BEGIN Extracted data
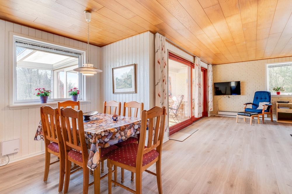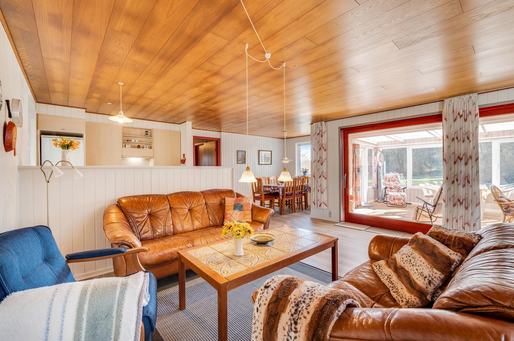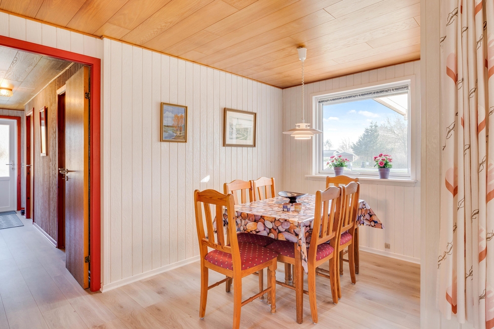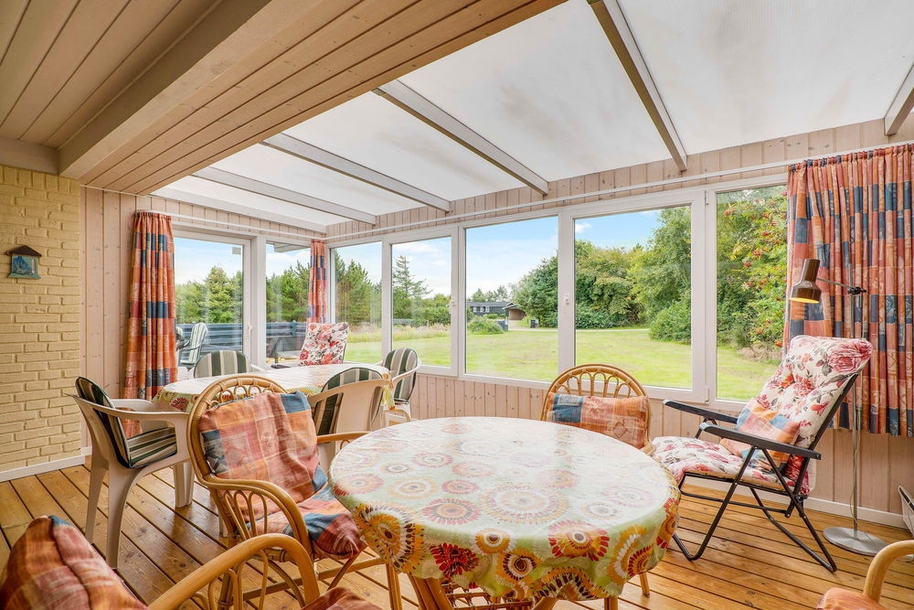 Das charmante, ältere Ferienhaus in Lodbjerg Hede ist der Inbegriff für gemütliche Sommerhausatmosphäre. Von der Sofagruppe habt ihr einen direkten Blick in den gemütlichen Wintergarten, der ideal ist, um die erste Tasse Kaffee am Morgen zu genießen oder einen Spielenachmittag zu veranstalten.
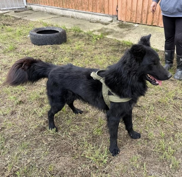 Moon ist ein Bub, laut Tierarztschätzung ca. 2 Jahre alt (geb. 29.12.2023). Er ist etwa 55-60 cm groß und wiegt 22 kg.
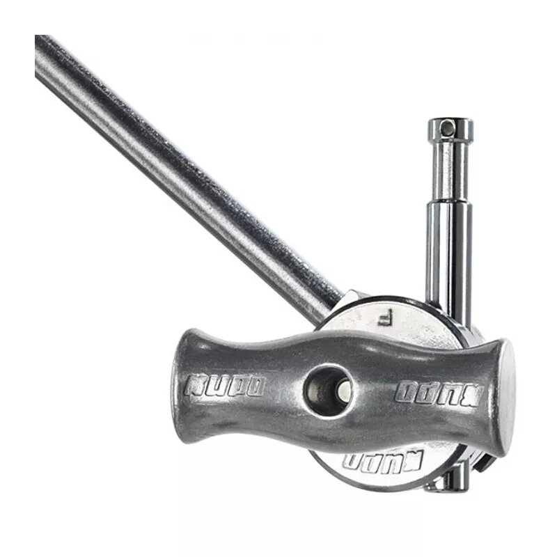 Адаптер KUPO KS-022 — стальной штырь длиной 12.7 см и диаметром 16 мм — предназначен для установки в головку грипа, создавая точку крепления для осветителя и аксессуаров с гнездом 5/8". Стопорное кольцо предотвращает выскальзывание из зажима, накатка обеспечивает надежную фиксацию, а резьбовые отверстия 1/4" и 3/8" на торце позволяют крепить дополнительные аксессуары |
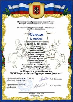 По итогам всех игр юные воронежцы уехали домой с серебряной медалью. Мы от души поздравляем ребят с победой и желаем дальнейших успехов в учебе и скорейшего поступления в ВГУ, а также приглашаем к участию в Третьем региональном турнире юных физиков, который состоится на базе ВГУ в ноябре-декабре 2009 года.
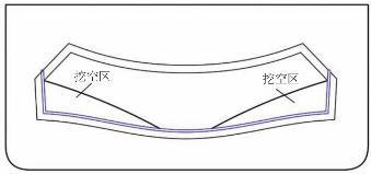 第三层模板设计时,在第一层模板的基础上,将槽宽线以内的袋盖部分挖空(绿色线部分)。如图6.33所示。
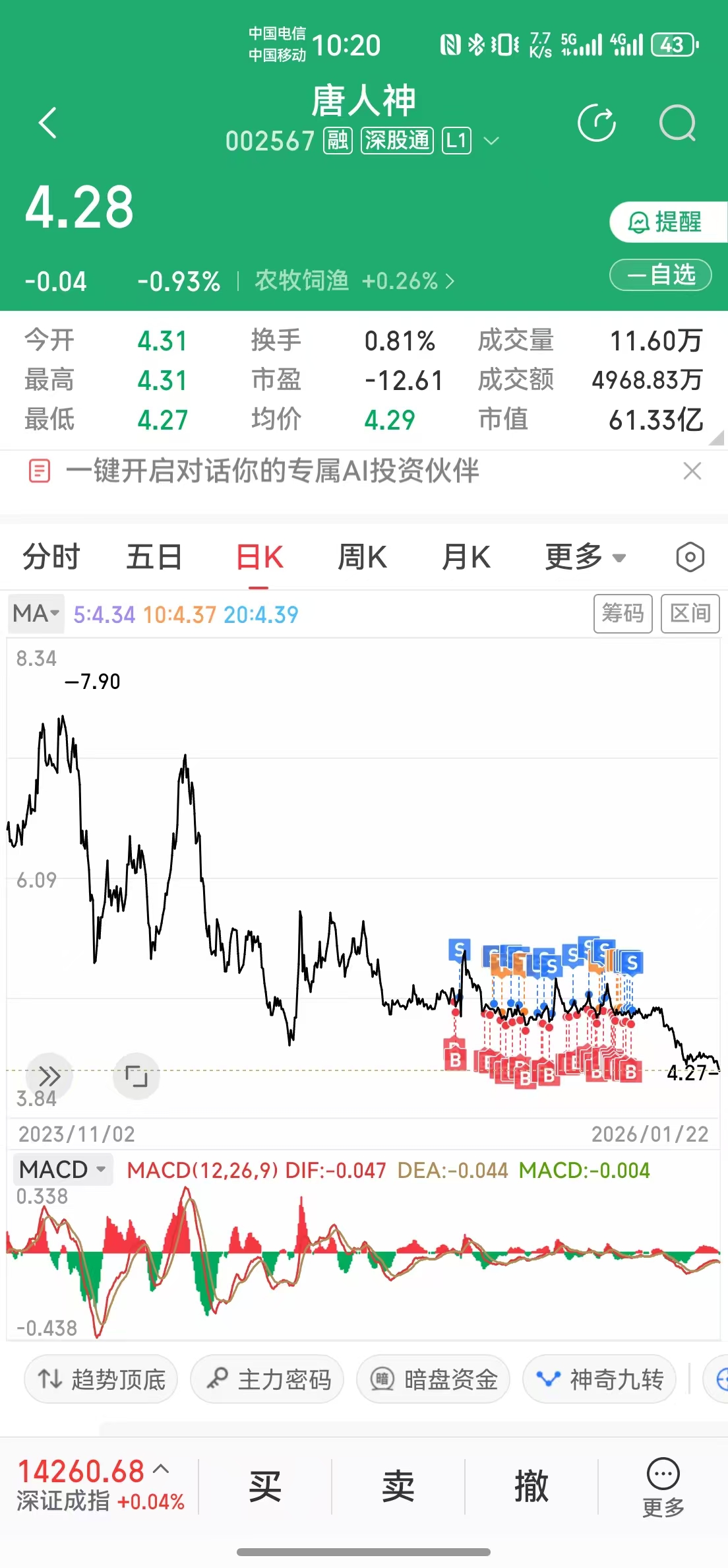 炒唐人神很难吗?这股基本不会暴跌,就跟捡钱一样,去年这股赚的最少。开个玩笑,别生气哈
END Extracted data
» Task brief
All of the listing should be transcribed exactly, but none of its images.

» Worked solution
 Das charmante, ältere Ferienhaus in Lodbjerg Hede ist der Inbegriff für gemütliche Sommerhausatmosphäre. Von der Sofagruppe habt ihr einen direkten Blick in den gemütlichen Wintergarten, der ideal ist, um die erste Tasse Kaffee am Morgen zu genießen oder einen Spielenachmittag zu veranstalten.
 Moon ist ein Bub, laut Tierarztschätzung ca. 2 Jahre alt (geb. 29.12.2023). Er ist etwa 55-60 cm groß und wiegt 22 kg.
 Адаптер KUPO KS-022 — стальной штырь длиной 12.7 см и диаметром 16 мм — предназначен для установки в головку грипа, создавая точку крепления для осветителя и аксессуаров с гнездом 5/8". Стопорное кольцо предотвращает выскальзывание из зажима, накатка обеспечивает надежную фиксацию, а резьбовые отверстия 1/4" и 3/8" на торце позволяют крепить дополнительные аксессуары |
 По итогам всех игр юные воронежцы уехали домой с серебряной медалью. Мы от души поздравляем ребят с победой и желаем дальнейших успехов в учебе и скорейшего поступления в ВГУ, а также приглашаем к участию в Третьем региональном турнире юных физиков, который состоится на базе ВГУ в ноябре-декабре 2009 года.
 第三层模板设计时,在第一层模板的基础上,将槽宽线以内的袋盖部分挖空(绿色线部分)。如图6.33所示。
 炒唐人神很难吗?这股基本不会暴跌,就跟捡钱一样,去年这股赚的最少。开个玩笑,别生气哈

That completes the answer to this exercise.